The Current BCS = BS.
We need to abolish the BCS “System” once and for all.
I found this clever website which will send a “BS Flag” to the BCS mailbox for you for FREE.
Pretty clever. I just did it. If enough true fans do the same thing, maybe, just maybe, the BCS Committee will get the message loud and clear!
http://www.BSFlag.com/BCS
TaylorTRoom said:
December 13th, 2008 at 11:26 am
I looked at the BCS computer rating websites. Most of them describe their methodology, even if in just vague terms. Only two describe qualitatively what they think the top team should be. Billinsley thinks the top team is the team playing best at season’s end (unfortunately, that means your November schedule has is everything). Colley says he is looking for the “best body of work” in a season.
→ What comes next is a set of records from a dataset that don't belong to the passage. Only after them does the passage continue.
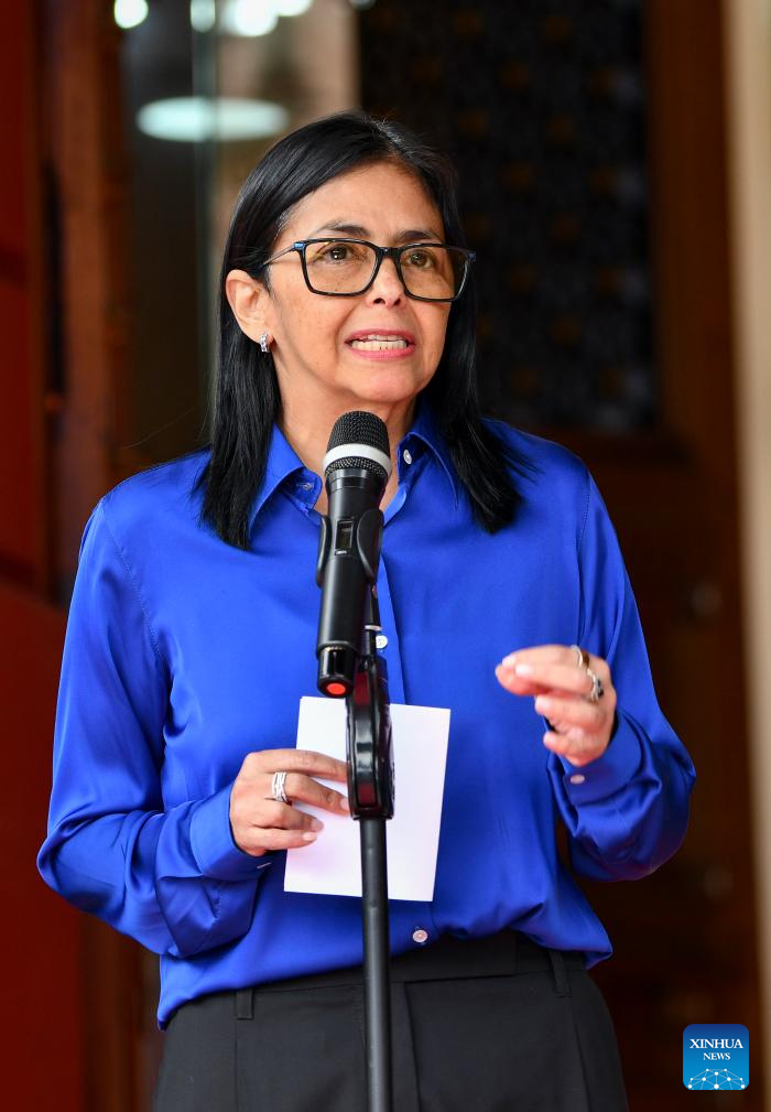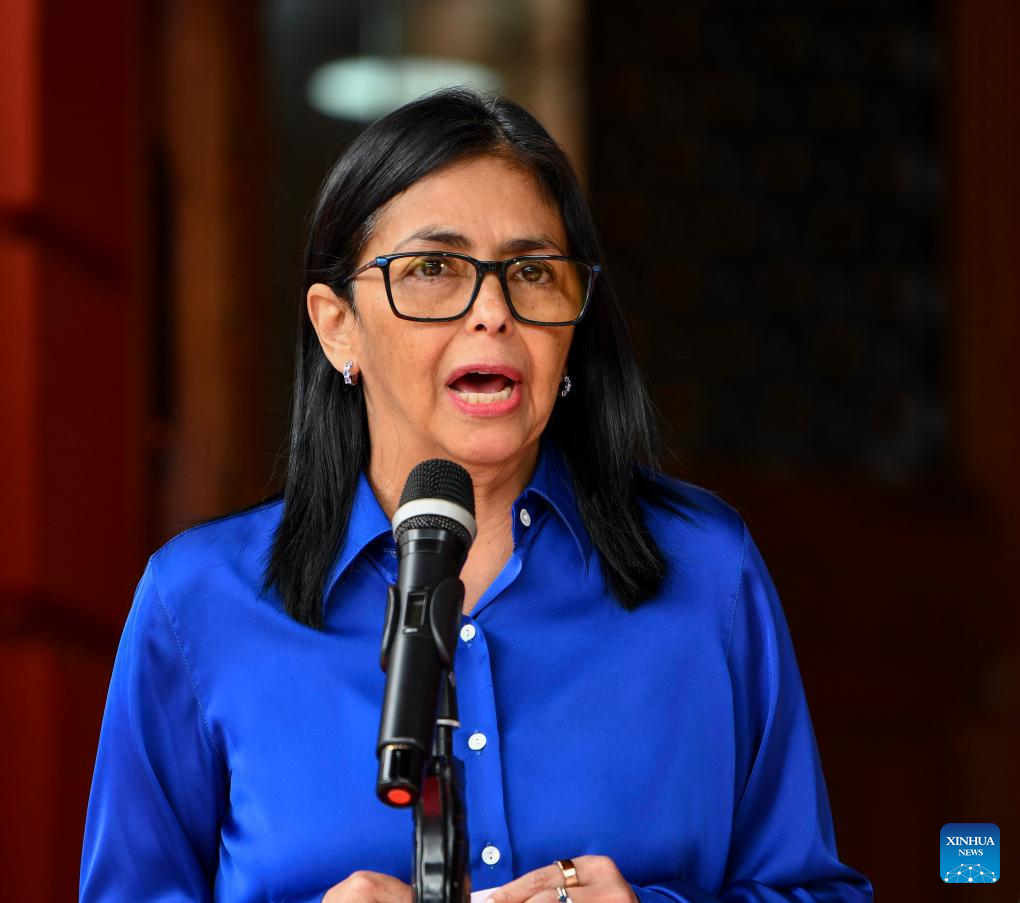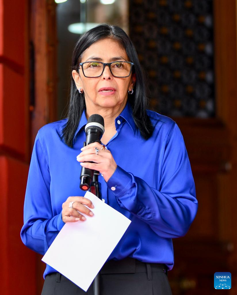 Venezuela's acting president Delcy Rodriguez attends a press conference in Caracas, Venezuela, Jan. 14, 2026. (Xinhua/Ding Hongfa)
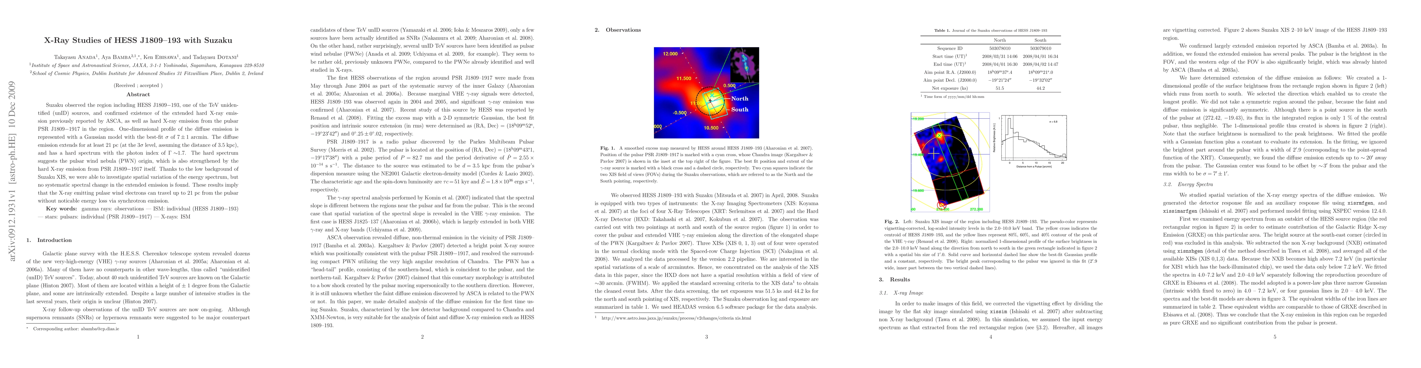 Suzaku confirmed extended hard X-ray emission from HESS J1809-193, likely a pulsar wind nebula, and identified hard X-ray emission from pulsar PSR J1809-1917, with no significant spectral variation in the diffuse emission. The diffuse emission extends at least 21 pc, suggesting pulsar wind electrons travel this distance without significant energy loss.
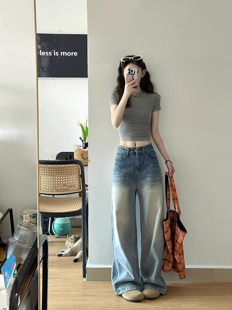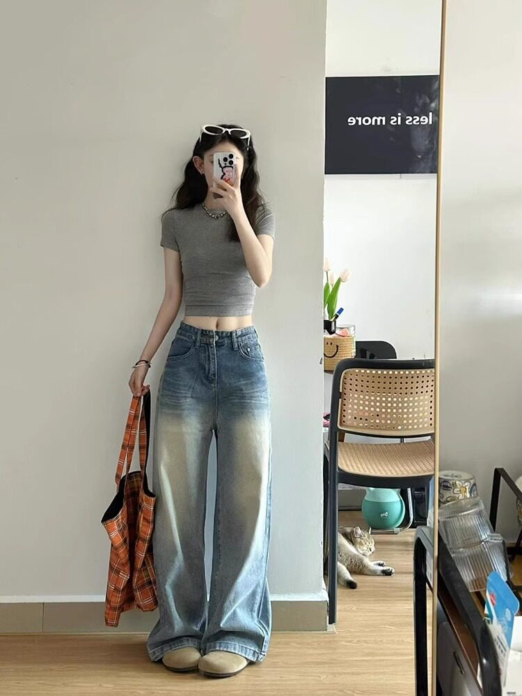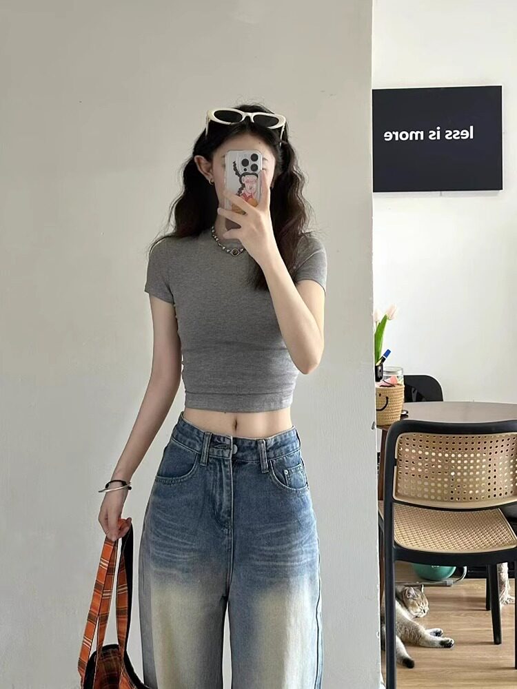American-Style Sweet and Spicy Short Round-Neck Short-Sleeve Women's Summer Outerwear, Tight-Fitting, Figure-Flattering, Slimming Inner Top T-Shirt
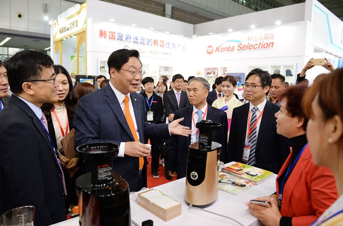 (서울=포커스뉴스) 주형환 산업통상자원부 장관이13일 중국 시안 취장국제전시센터 A홀에서 시안 실크로드박람회 주빈국 참여로 농식품, 생활용품, 의류, 화장품, 의약품 등 5대 소비재 품목의 소비재기업관, SM 융합상품관, 한국식품관(aT), K-HIT관, VR체험관(삼성전자), FTA홍보관 등 기업부스 50개사, 단체부스 50개사가 참여한 가운데 열린 ‘실크로드박람회’「국가홍보관(한국관)」개막식에 참석하여, 한국제품 전시장을 둘러보고 있다. <사진제공=산업통상자원부>
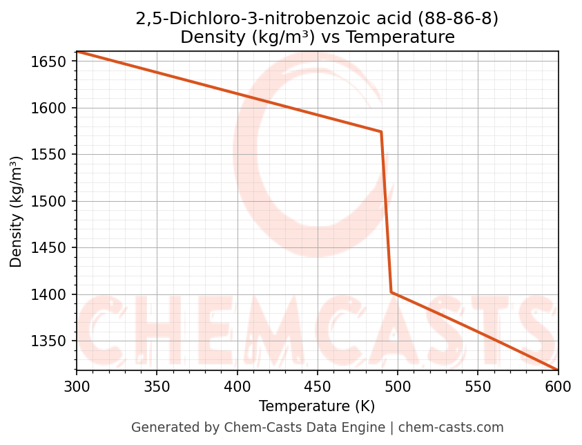This page presents the temperature-dependent thermodynamic and transport properties of 2,5-Dichloro-3-nitrobenzoic acid (CAS 88-86-8) calculated at a constant pressure of 1 atm (101325 Pa) over the temperature range 250-500 K.
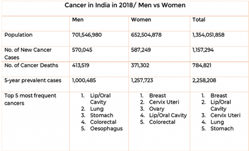 તાજેતરમાં વિજ્ઞાન સંશોધનસામયિક લાન્સેટમાં પ્રગટ અધ્યયન જણાવે છે કે કેન્સર થવાનો ખતરો પુરુષોમાં વધુ હોય છે પરંતુ કેન્સરને કારણે મહિલાઓ વધુ મરે છે. ભારત માટે તો આ અધ્યયન એવી ચિંતાજનક બાબત નોંધે છે કે ભારતીય મહિલાઓના કેન્સરને કારણે થતાં મોતમાં ૩૭ ટકા મોત સમયસર નિદાન અને સારવારના અભાવે થાય છે. ૬૭ ટકા મહિલાઓને જો સમયસર કેન્સરની તપાસ અને ઈલાજ મળ્યાં હોત તો તેમનો રોગ આગળ વધતો અટકાવી શકાયો હોત.

Billinsley and Colley also seem to not know what to do with D-1AA teams, so they ignore those games. Therefore, their system penalizes a team for playing SMU, but not for playing Chattanooga, which is 10 times worse.
TaylorTRoom said:
December 13th, 2008 at 11:44 am
My experience in mathematical modeling is that you always need to keep in mind what your goal is. What are you trying to capture? There are always so many decisions and tradeoffs that you can’t construct a good model without an “ideal” or goal in mind. If you’re trying to model a ranking of college football teams, what is your criteria? Best team at the end (argument for OU)? Best body of work (Texas, because it has the best win to date)? Most consistently good (argument for Utah, or any other undefeated teams)?
The polls capture all this by surveying scores of biased individuals, with their biases factored out by the large number voting. A well-constructed computer system can do this with objective data, but you need to know what it will yield.